Abstract

Abstract Background and Aims Thrombotic microangiopathy (TMA) is a life-threatening condition that can be caused on the background of various mechanisms, converging to a severe endotheliopathy that often affects the kidneys. Morphologic features of TMA on kidney biopsy have not been systematically studied. We studied the diagnostic and prognostic role of a kidney biopsy in patients with TMA, either linked to a coexisting condition (i.e., secondary TMA) or not (i.e., complement-mediated [C-]TMA).
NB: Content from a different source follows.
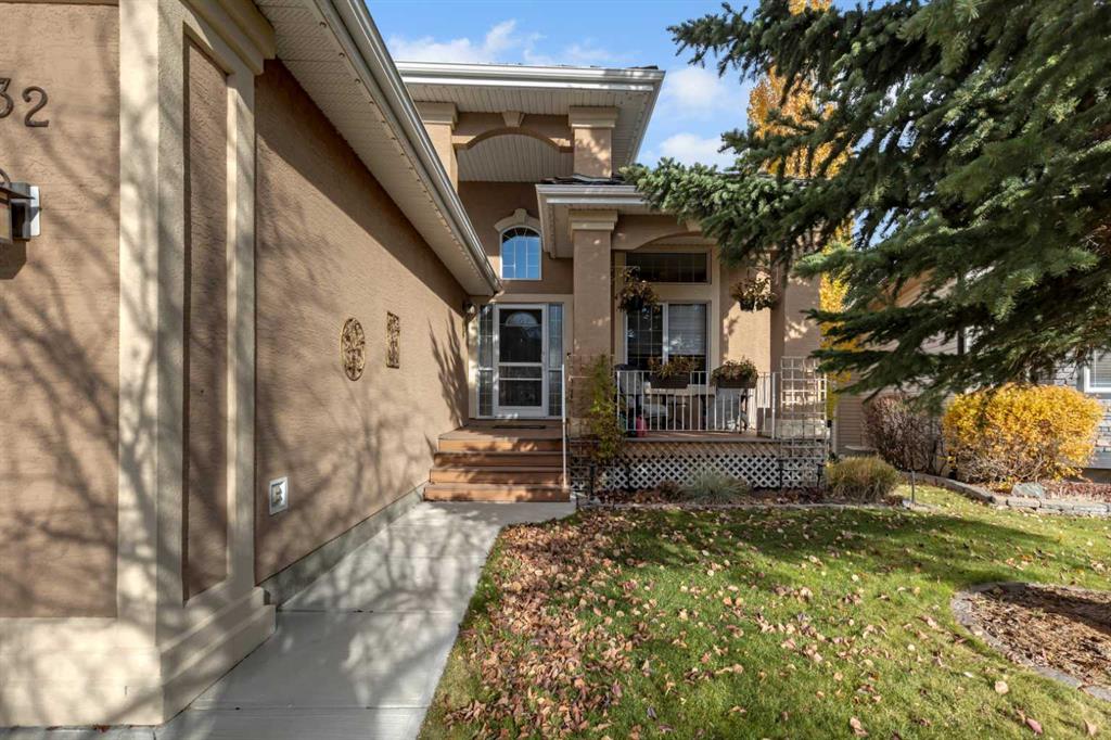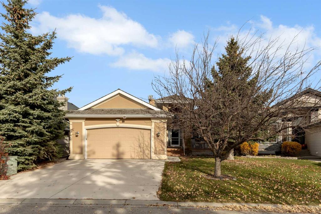 Nestled on a peaceful cul-de-sac that backs onto the Valley Ridge Golf Course, you will find an impressive air conditioned 1,735 sq ft walk-out bungalow. This home boasts fantastic curb appeal, featuring a charming front porch with seating, a grand entryway with vaulted ceilings, and intricate trim that flows into the open concept living room, kitchen, and dining area. Entertaining is effortless in the spacious kitchen, complete with a large center island, granite countertops, stainless steel appliances, and easy access to a generous deck that offers stunning views of the golf course. The bright breakfast nook, with its expansive windows, provides plenty of space for family gatherings. The living room is highlighted by wall-to-wall built-ins and a centrally located fireplace. You'll appreciate the convenience of a main floor office or bedroom, depending on your needs, along with a two-piece bath, a mudroom, and laundry facilities. The oversized master suite features a luxurious five-piece ensuite and a walk-in closet. The lower level is fully developed, offering two large bedrooms, each with walk-in closets and their own bathrooms, along with a third bedroom. The spacious family room is perfect for entertaining and provides access to a covered patio and a beautifully landscaped yard, complete with underground sprinklers, overlooking the lush golf course. Recent improvements feature: new blinds, ceramic flooring on the main level, updated kitchen cabinets, a new fridge, a dishwasher, carpeting in the basement, and outdoor Gemstone lighting. Situated just 20 minutes from downtown and with quick access to the mountains, Valley Ridge boasts over 50% green space, featuring bike paths that meander through the environmental reserve, leading to Bowness Park and beyond.

Method Patients with TMA on kidney biopsy and an enzymatic activity of ADAMTS13 >10% were recruited from the Limburg Renal Registry. C-TMA was defined as massive ex vivo C5b9 formation on the endothelium and/or rare variants in complement genes [1]; secondary TMA was defined as the presence of a coexisting condition and normal complement regulation. Kidney tissue sections were studied for activity and chronicity; also, C3d staining was performed. Results C-TMA and secondary TMA was diagnosed in 35 and 39 patients, respectively. The diagnosis TMA was based on a kidney biopsy in 52 (70%) out of 74 patients as systemic hemolysis, that is, microangiopathic hemolytic anemia (MAHA) and thrombocytopenia, was lacking. Morphologic activity, such as, glomerular thrombosis and mesangiolysis, was not associated with MAHA (p = 0.116) and/or thrombocytopenia (p = 0.380). Morphologic activity, however, was associated with C-TMA, as was lower age and higher serum creatinine. C3d staining did not differentiate C-TMA from secondary TMA. A Mayo Clinic Chronicity Score (MCCS) of ≥4 was associated with an increased partial- (p = 0.023) and complete renal remission rate (p = 0.030), and decreased end-stage kidney disease (p = 0.050). Conclusions Only a small proportion of patients with TMA on kidney biopsy initially present with systemic hemolysis, suggesting an essential role of histologic examination to prevent underdiagnosing. Glomerular thrombosis and mesangiolysis were associated with C-TMA, however there is no role for staining of C3d in differentiating C-TMA from secondary TMA. An increased MCCS indicates worse renal outcome in patients with TMA.